ASSIGNMENT :: Would you please transcribe the listing exactly, with no images?

EXTRACTED RECORDS ::
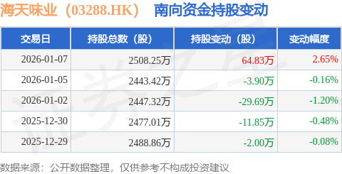 证券之星消息,1月7日南向资金增持64.83万股海天味业(03288.HK)。近5个交易日中,获南向资金增持的有1天,累计净增持17.39万股。近20个交易日中,获南向资金增持的有11天,累计净增持157.09万股。截至目前,南向资金持有海天味业(03288.HK)2508.25万股,占公司已发行普通股的8.6%。
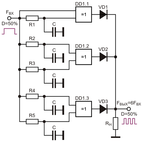 Рисунок 2. Умножитель (утроитель) частоты входных импульсов
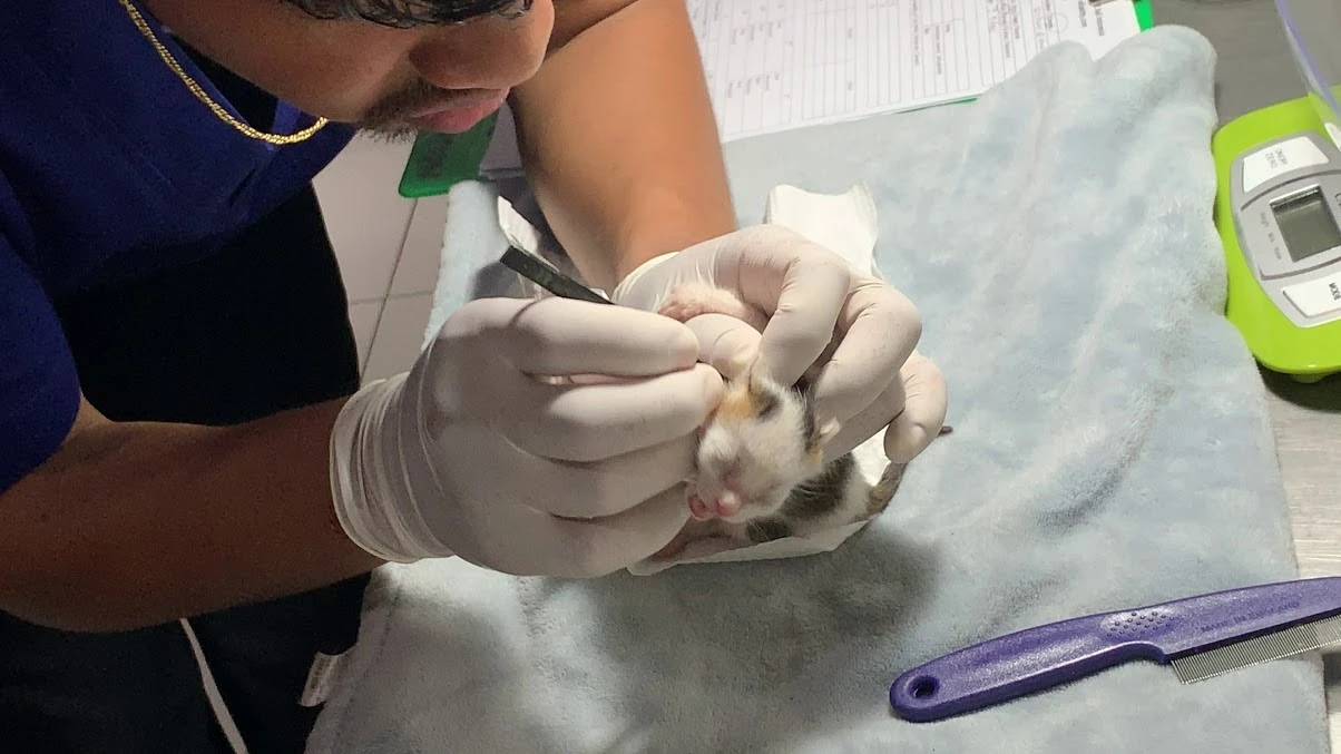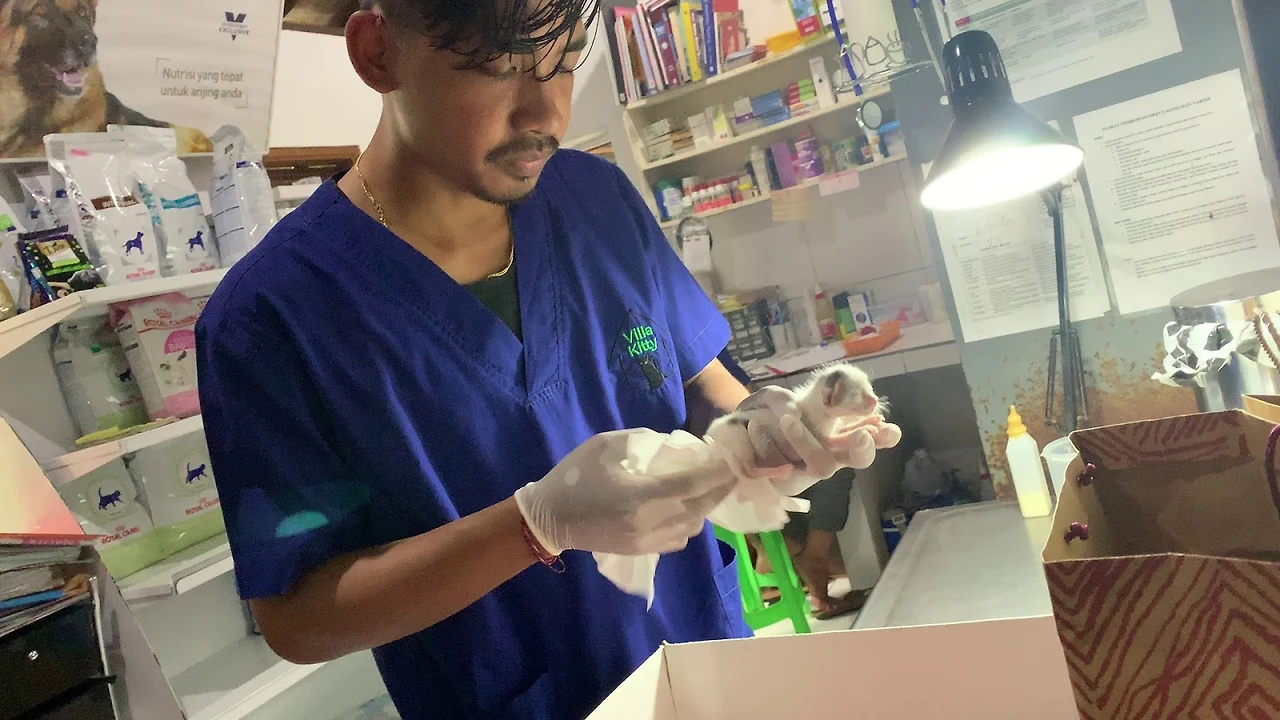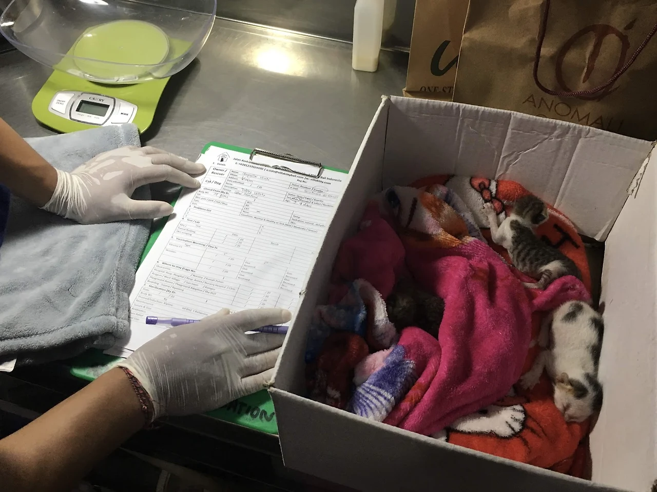 그 옆에 있던 수의사 한 분이 아이들을 진찰하기 시작했다.
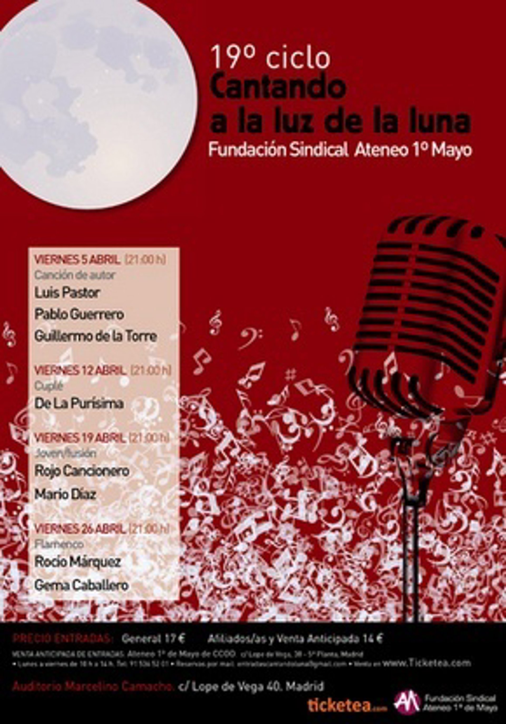 Todos los conciertos tendrán lugar a partir de las 21 horas. El precio de las entradas será de 14 euros para los afiliados a CC.OO y para aquellos que la adquieran de manera anticipada. En taquilla tendrán un precio de 17 euros. Las reservas pueden hacerse en entradascantandolaluna@gmail.com o en el 91 536 52 01.
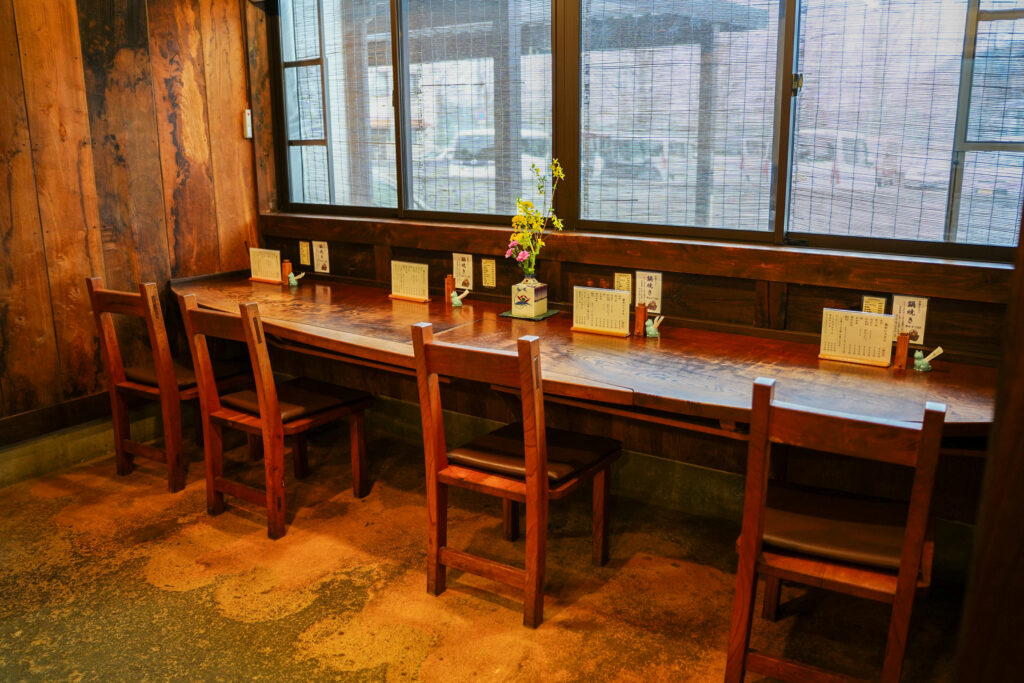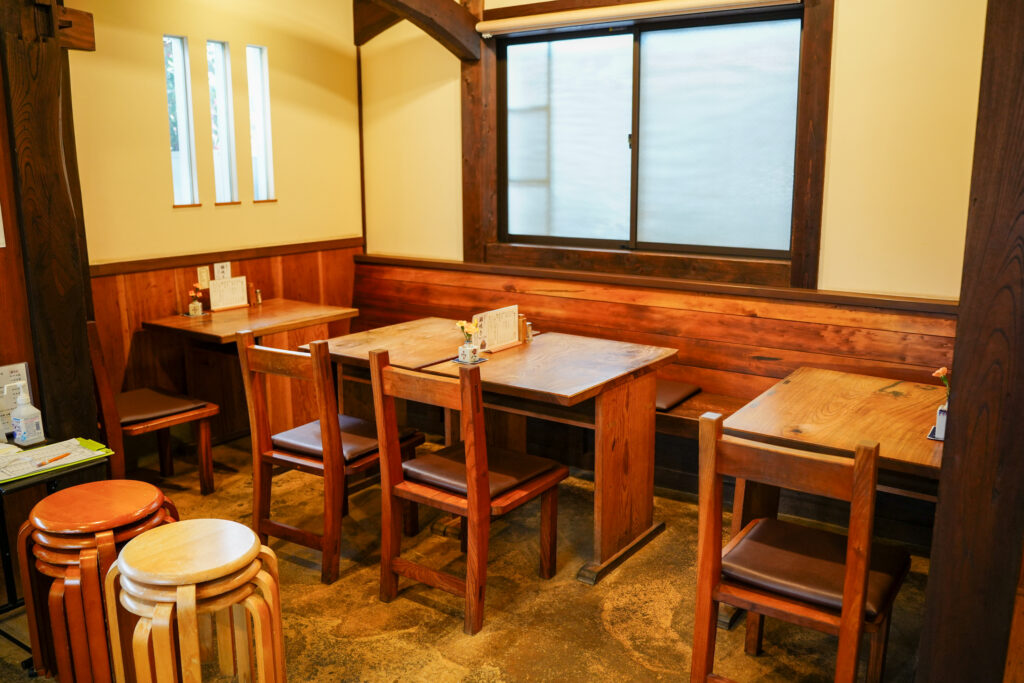 古民家の建物で、店内には古材がふんだんに使われています
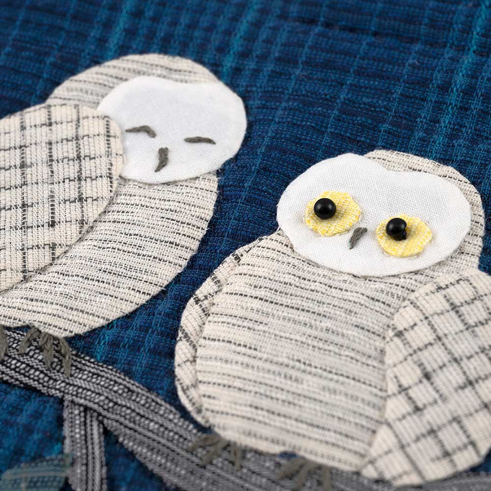 【キット作り方つき】山々を背景に、枝にとまる2羽のフクロウをアップリケ。遠近感のある夜の風景が神秘的です。空には銀の刺しゅう糸で星を描きます。
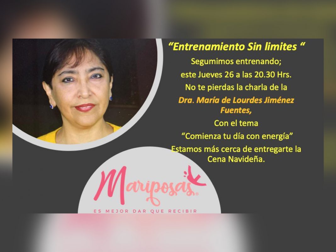 La noche del jueves, Mariposas A.C., dedicada a atender a mujeres que sufren cualquier tipo de violencia, ofreció una nutrida charla con la doctora María de Lourdes Jiménez Fuentes respecto a comenzar el día con energía.
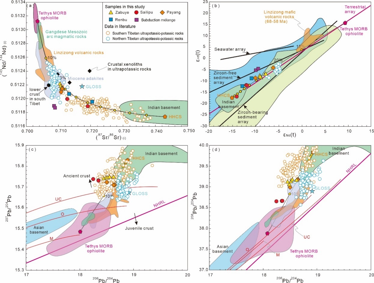 图6 青藏高原新生代富钾岩浆岩的同位素特征表明其起源于含俯冲印度大陆地壳物质的地幔源区
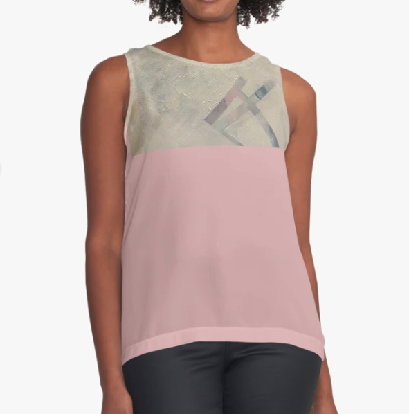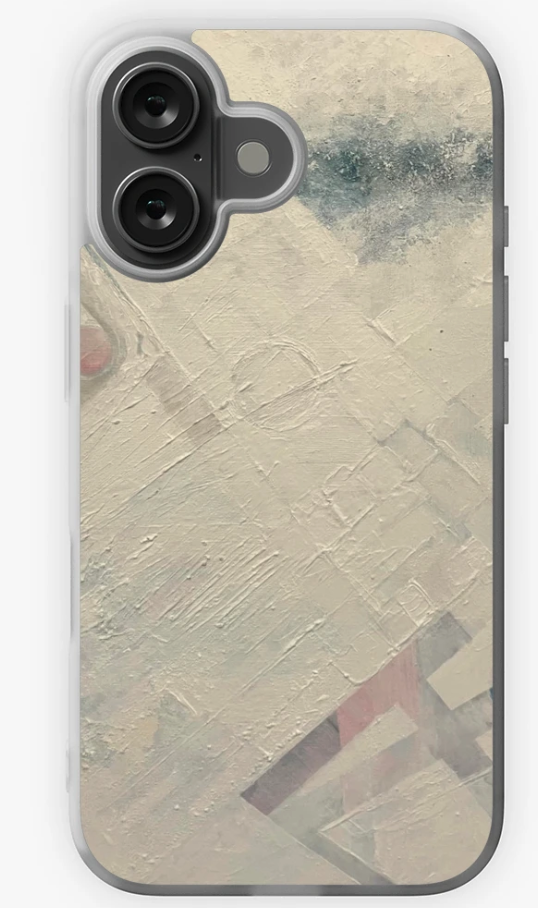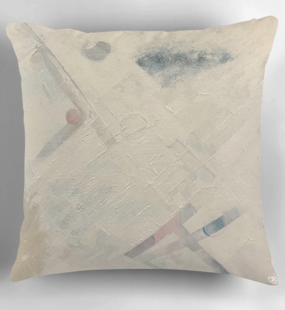 “This abstract painting explores the mood of apricity — the fleeting warmth of the sun in winter — through a dialogue of straight lines, circles, and crossings. Soft layers of white, light blue, and pink create a subtle luminosity, while sand adds a tactile presence that grounds the work in material reality. Within this interplay of geometry and texture, the theme of female emergence unfolds: resilience rising through fragility, presence emerging from silence, and inner warmth breaking into light.”

SOLUTION FOR THIS EXERCISE ::
 证券之星消息,1月7日南向资金增持64.83万股海天味业(03288.HK)。近5个交易日中,获南向资金增持的有1天,累计净增持17.39万股。近20个交易日中,获南向资金增持的有11天,累计净增持157.09万股。截至目前,南向资金持有海天味业(03288.HK)2508.25万股,占公司已发行普通股的8.6%。
 Рисунок 2. Умножитель (утроитель) частоты входных импульсов
 그 옆에 있던 수의사 한 분이 아이들을 진찰하기 시작했다.
 Todos los conciertos tendrán lugar a partir de las 21 horas. El precio de las entradas será de 14 euros para los afiliados a CC.OO y para aquellos que la adquieran de manera anticipada. En taquilla tendrán un precio de 17 euros. Las reservas pueden hacerse en entradascantandolaluna@gmail.com o en el 91 536 52 01.
 古民家の建物で、店内には古材がふんだんに使われています
 【キット作り方つき】山々を背景に、枝にとまる2羽のフクロウをアップリケ。遠近感のある夜の風景が神秘的です。空には銀の刺しゅう糸で星を描きます。
 La noche del jueves, Mariposas A.C., dedicada a atender a mujeres que sufren cualquier tipo de violencia, ofreció una nutrida charla con la doctora María de Lourdes Jiménez Fuentes respecto a comenzar el día con energía.
 图6 青藏高原新生代富钾岩浆岩的同位素特征表明其起源于含俯冲印度大陆地壳物质的地幔源区
 “This abstract painting explores the mood of apricity — the fleeting warmth of the sun in winter — through a dialogue of straight lines, circles, and crossings. Soft layers of white, light blue, and pink create a subtle luminosity, while sand adds a tactile presence that grounds the work in material reality. Within this interplay of geometry and texture, the theme of female emergence unfolds: resilience rising through fragility, presence emerging from silence, and inner warmth breaking into light.”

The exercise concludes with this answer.